== What the task asks ==
Only the lines below from the one that contains "Even with this" through the one that contains "남긴 결단'특별전을 개최한다." should appear in your answer, exact and without pictures.

Materials provided below:

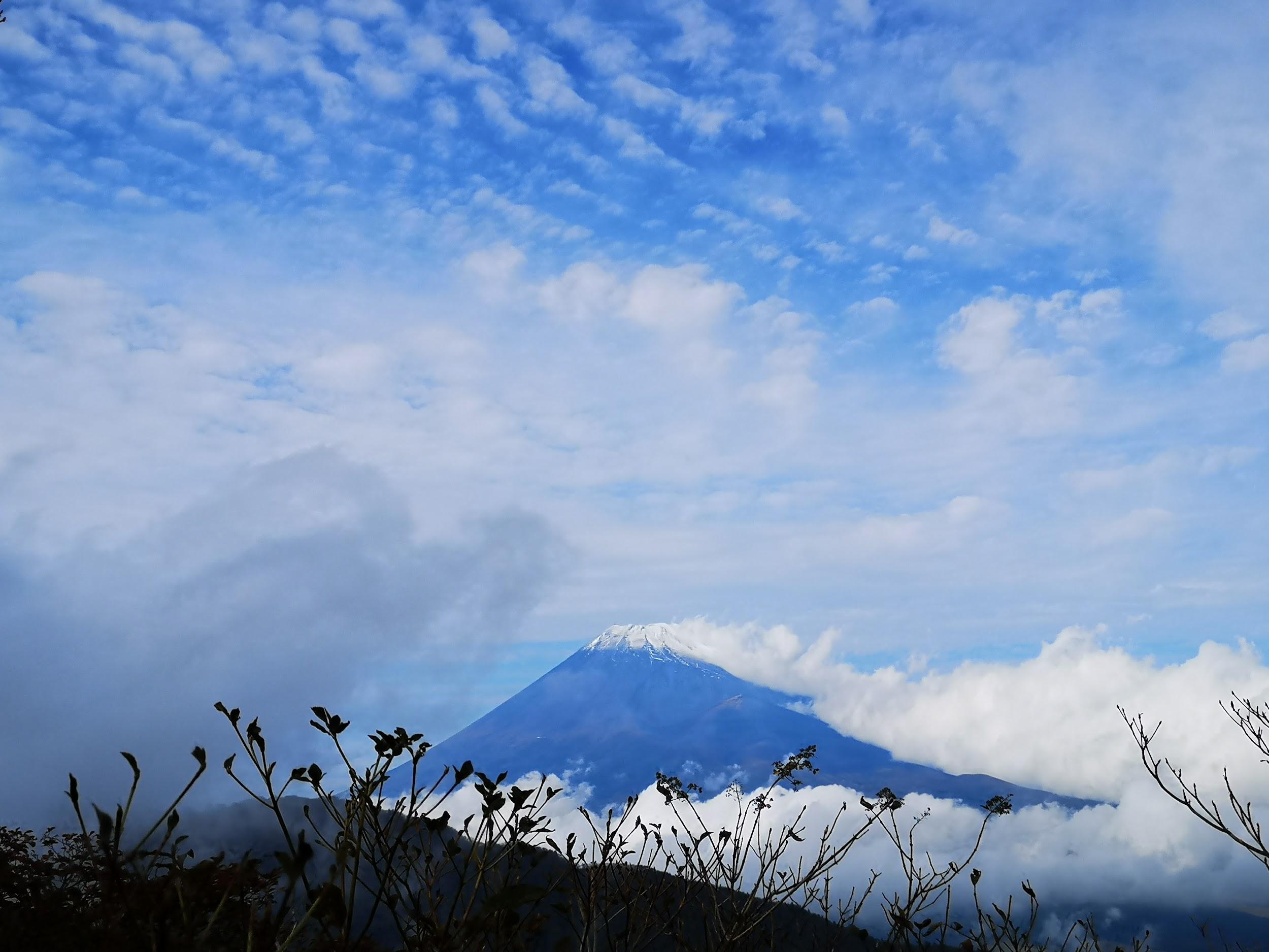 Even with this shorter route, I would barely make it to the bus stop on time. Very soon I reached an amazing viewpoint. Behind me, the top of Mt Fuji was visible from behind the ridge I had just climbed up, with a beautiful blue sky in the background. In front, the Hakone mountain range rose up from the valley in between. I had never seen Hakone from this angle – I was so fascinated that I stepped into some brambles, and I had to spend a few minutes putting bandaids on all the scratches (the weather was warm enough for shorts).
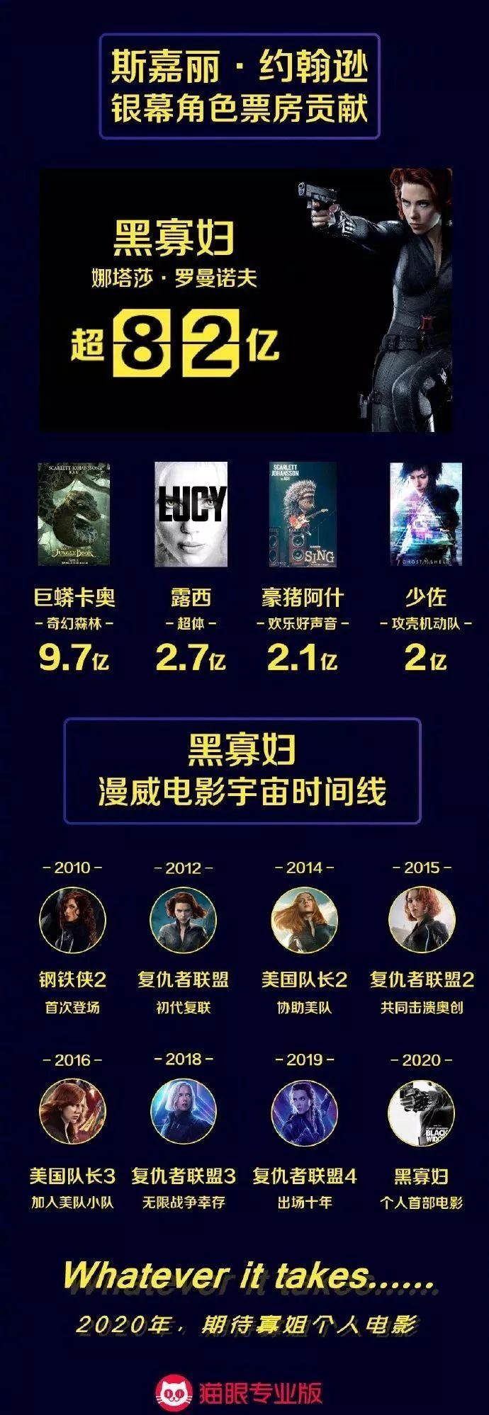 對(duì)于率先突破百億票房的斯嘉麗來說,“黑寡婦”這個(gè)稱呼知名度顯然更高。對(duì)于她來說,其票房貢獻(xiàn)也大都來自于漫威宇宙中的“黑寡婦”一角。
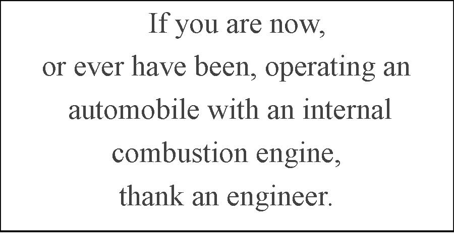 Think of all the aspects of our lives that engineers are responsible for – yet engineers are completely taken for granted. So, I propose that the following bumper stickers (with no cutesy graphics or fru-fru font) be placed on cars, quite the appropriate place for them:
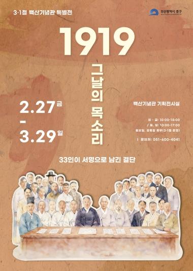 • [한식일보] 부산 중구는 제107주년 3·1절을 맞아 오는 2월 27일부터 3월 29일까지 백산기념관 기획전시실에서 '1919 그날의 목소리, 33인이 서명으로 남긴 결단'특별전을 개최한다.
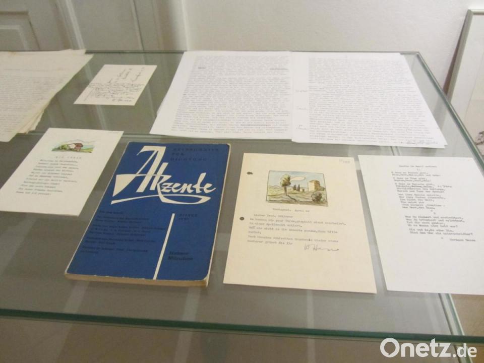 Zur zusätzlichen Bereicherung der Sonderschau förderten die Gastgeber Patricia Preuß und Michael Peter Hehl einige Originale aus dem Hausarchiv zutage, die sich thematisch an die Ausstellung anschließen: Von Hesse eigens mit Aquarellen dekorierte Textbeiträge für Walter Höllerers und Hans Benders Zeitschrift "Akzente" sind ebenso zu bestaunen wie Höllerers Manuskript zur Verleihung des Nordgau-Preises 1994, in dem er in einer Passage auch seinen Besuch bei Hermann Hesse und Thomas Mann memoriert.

End of Materials provided.
Materials provided below:

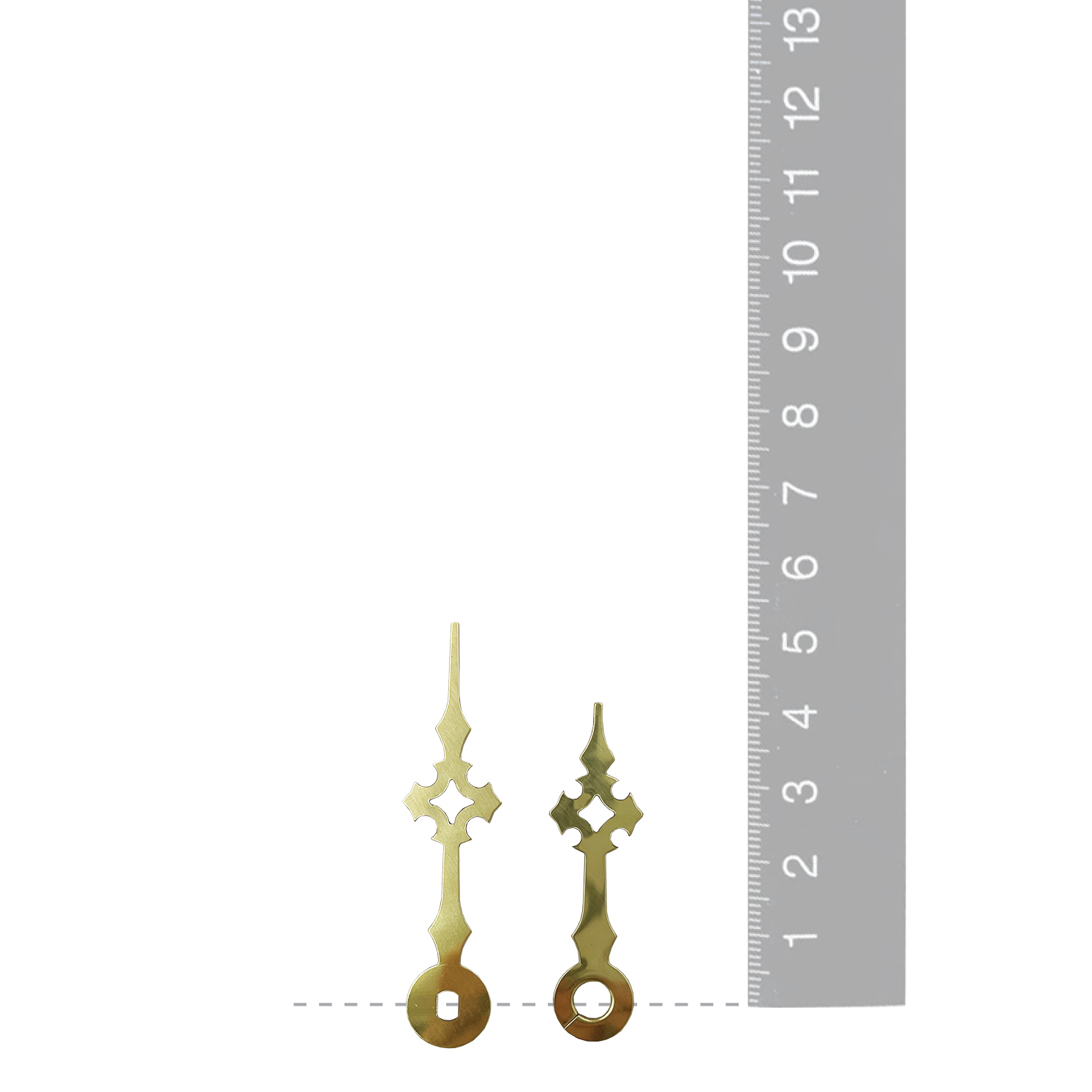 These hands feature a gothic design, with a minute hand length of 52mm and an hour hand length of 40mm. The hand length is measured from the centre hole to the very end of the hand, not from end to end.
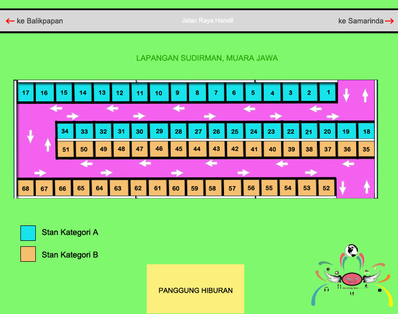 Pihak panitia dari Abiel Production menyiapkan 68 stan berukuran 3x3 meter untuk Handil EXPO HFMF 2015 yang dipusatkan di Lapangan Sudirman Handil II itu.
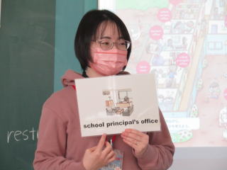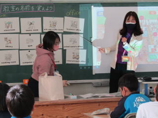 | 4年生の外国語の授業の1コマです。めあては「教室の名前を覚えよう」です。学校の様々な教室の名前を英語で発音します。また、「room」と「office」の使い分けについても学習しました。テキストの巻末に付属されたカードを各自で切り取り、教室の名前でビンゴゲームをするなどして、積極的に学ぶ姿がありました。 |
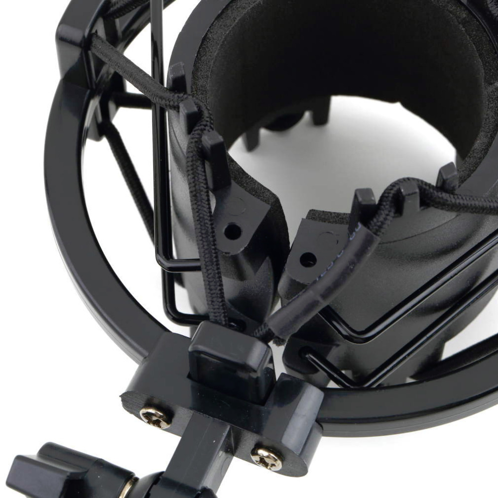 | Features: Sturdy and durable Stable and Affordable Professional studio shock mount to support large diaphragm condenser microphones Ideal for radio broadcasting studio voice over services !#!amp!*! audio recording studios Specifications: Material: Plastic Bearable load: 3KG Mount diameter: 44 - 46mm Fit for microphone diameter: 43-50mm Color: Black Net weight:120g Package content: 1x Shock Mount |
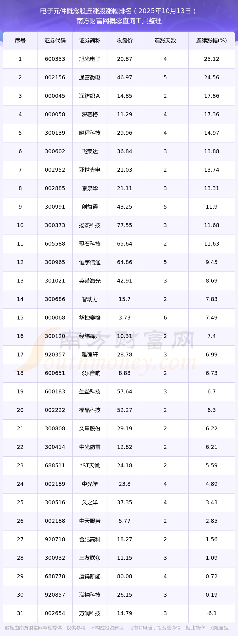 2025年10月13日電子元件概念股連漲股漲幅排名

End of Materials provided.

== Problem solution ==
 Even with this shorter route, I would barely make it to the bus stop on time. Very soon I reached an amazing viewpoint. Behind me, the top of Mt Fuji was visible from behind the ridge I had just climbed up, with a beautiful blue sky in the background. In front, the Hakone mountain range rose up from the valley in between. I had never seen Hakone from this angle – I was so fascinated that I stepped into some brambles, and I had to spend a few minutes putting bandaids on all the scratches (the weather was warm enough for shorts).
 對(duì)于率先突破百億票房的斯嘉麗來說,“黑寡婦”這個(gè)稱呼知名度顯然更高。對(duì)于她來說,其票房貢獻(xiàn)也大都來自于漫威宇宙中的“黑寡婦”一角。
 Think of all the aspects of our lives that engineers are responsible for – yet engineers are completely taken for granted. So, I propose that the following bumper stickers (with no cutesy graphics or fru-fru font) be placed on cars, quite the appropriate place for them:
 • [한식일보] 부산 중구는 제107주년 3·1절을 맞아 오는 2월 27일부터 3월 29일까지 백산기념관 기획전시실에서 '1919 그날의 목소리, 33인이 서명으로 남긴 결단'특별전을 개최한다.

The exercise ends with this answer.